На сцену выходит женщина, начинает лекцию. Она заводит речь про секс и наркозависимость, про то, что у алкоголиков и наркоманов часто существует связь между предпочитаемым наркотиком и предпочитаемым видом секса. Она говорит, что эти предпочтения могут принять опасные и извращенные формы и завести крайне далеко. В прямом и переносном смысле. Так далеко, что оттуда нельзя найти выхода и невозможно вернуться.

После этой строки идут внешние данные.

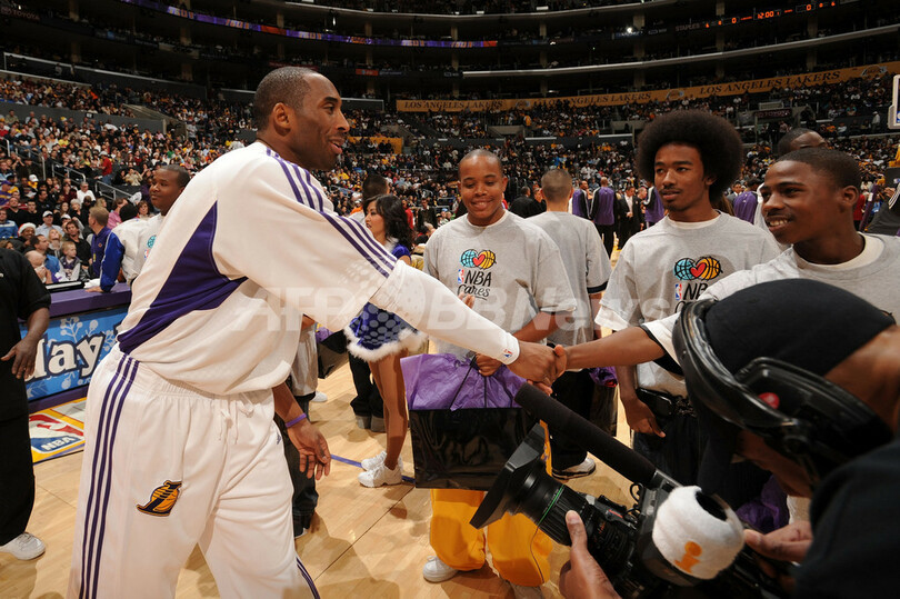 【12月26日 AFP】(写真追加)07-08NBA、ロサンゼルス・レイカーズ(Los Angeles Lakers)vsフェニックス・サンズ(Phoenix Suns)。試合はコービー・ブライアント(Kobe Bryant)がゲームハイとなる38得点を記録し、さらにアンドリュー・バイナム(Andrew Bynum)がキャリアハイとなる28得点に加え12リバウンドを記録しダブルダブルを活躍を見せたレイカーズが、122-115でサンズから勝利を収めた。1999年から毎年クリスマスに試合を行っているレイカーズは、クリスマスゲームの連敗を5で止めた。(c)AFP

Лекция заканчивается, а я сижу, жду, смотрю, как все выходят, потом встаю и тоже выхожу, а каша по-прежнему камнем лежит в желудке, да и транквилизатор, выпитый за последние дни, еще остаточно действует. Я чувствую себя тяжелым, неповоротливым, но исподволь зарождается новое ощущение оно подталкивает, требует, теребит, расшатывает, вызывает тревогу, доводит до бешенства и отчаяния. Пока ощущение тяжести перевешивает тревогу, но это пока.

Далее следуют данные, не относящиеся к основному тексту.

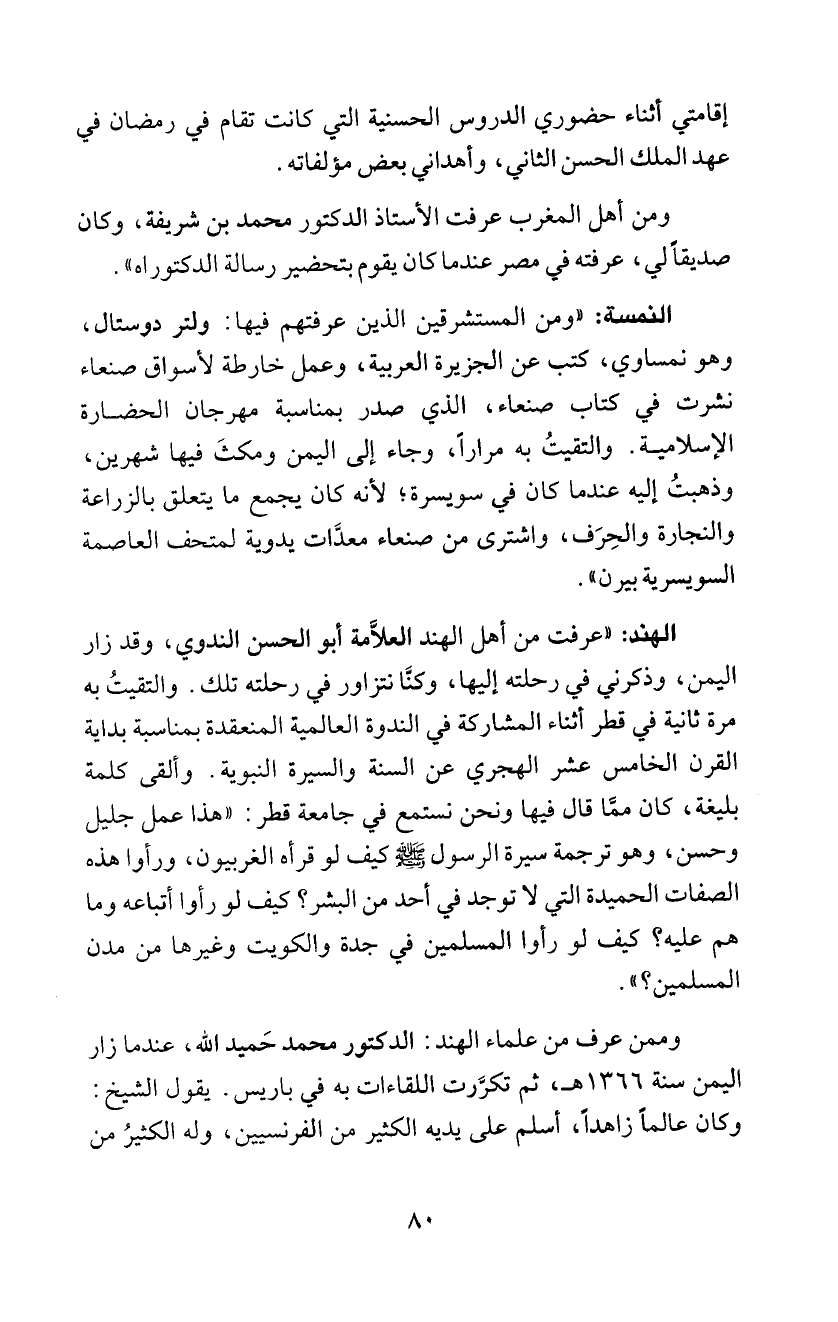 الهند: "عرفت من اهل الهند العلأَمة أبو الحسن الندوي، وقد زار

Я иду в терапевтическое отделение, разыскиваю медсестру, говорю ей, что мне нужно к стоматологу, она справляется в книге внешних назначений, делает пометку и посылает в приемную дожидаться. В приемной есть окна, и я могу смотреть на улицу. Хотя уже позднее утро, все еще темно. Гремит гром, идет дождь со снегом. Ветер взметает все, что ни попадется по дороге. У деревьев такой вид, словно они хотят в укрытие. Омерзительная погода, и дальше будет еще хуже.

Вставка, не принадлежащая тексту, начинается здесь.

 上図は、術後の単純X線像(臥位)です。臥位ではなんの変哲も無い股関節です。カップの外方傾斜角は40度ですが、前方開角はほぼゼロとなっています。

В приемную входит Хэнк. Он упакован в толстую, теплую, непромокаемую куртку. Ботинки на меху.
Привет, малыш.
Привет, Хэнк.
Мы пожимаем руки.
Как дела?
Получше.
Я встаю.
Бьюсь об заклад, что не особо.
Я улыбаюсь.
Да, не особо.
Готов?
Да.
Идем.
Мы выходим из приемной через короткий коридор на улицу. Фургон стоит в двухстах футах от входа, я пускаюсь бегом. Дождь со снегом и ветром впивается в кожу, холод пробирает до костей.
Открываю переднюю дверь, запрыгиваю в фургон, внутри тепло. На спинке моего сиденья висит старая, потрепанная непогодой куртка вроде той, что на Хэнке. Беру, натягиваю ее, устраиваюсь поудобнее, обхватываю себя руками. Через несколько секунд появляется Хэнк, который мог и не бежать, открывает свою дверь и садится.
Ты нашел куртку.
Сложно было не найти.
Я носил ее, когда плавал на своем судне.
Да, можно догадаться по ее виду.
Это хорошая куртка.
Сейчас самое то, что надо.
Я слыхал, что у тебя нет ничего из вещей, вот и решил, что она тебе пригодится.
Спасибо, Хэнк, я тебе очень благодарен.
Не стоит.
Я правда очень благодарен. Спасибо тебе.
Не за что.
Хэнк заводит мотор, мы срываемся с места, едем в городишко. Хэнк сосредоточенно следит за дорогой, а я смотрю по сторонам и размышляю. Несколько дней назад природа начала замедлять движение соков, готовилась к зиме и смерти. И вот она замедлила соки, приготовилась и умерла. На деревьях ни листочка, на земле ни травинки, не видно ни птиц, ни насекомых, ни зверья. Громыхает все громче, ближе, снежный дождь становится сильнее и гуще, и ветер норовит опрокинуть фургон в канаву. Хэнк не отрывает глаз от дороги. Я смотрю в окно и размышляю. Я помню подробно весь тот месяц, когда начал наблюдать за ней. Она из Коннектикута, ее отец был крупным инвестиционным банкиром в Нью-Йорке, а мать играла в теннис и бридж и была президентом местной молодежной лиги. Она ходила в престижную женскую школу в Массачусетсе. У нее были старшие брат и сестра. Друга никогда не было.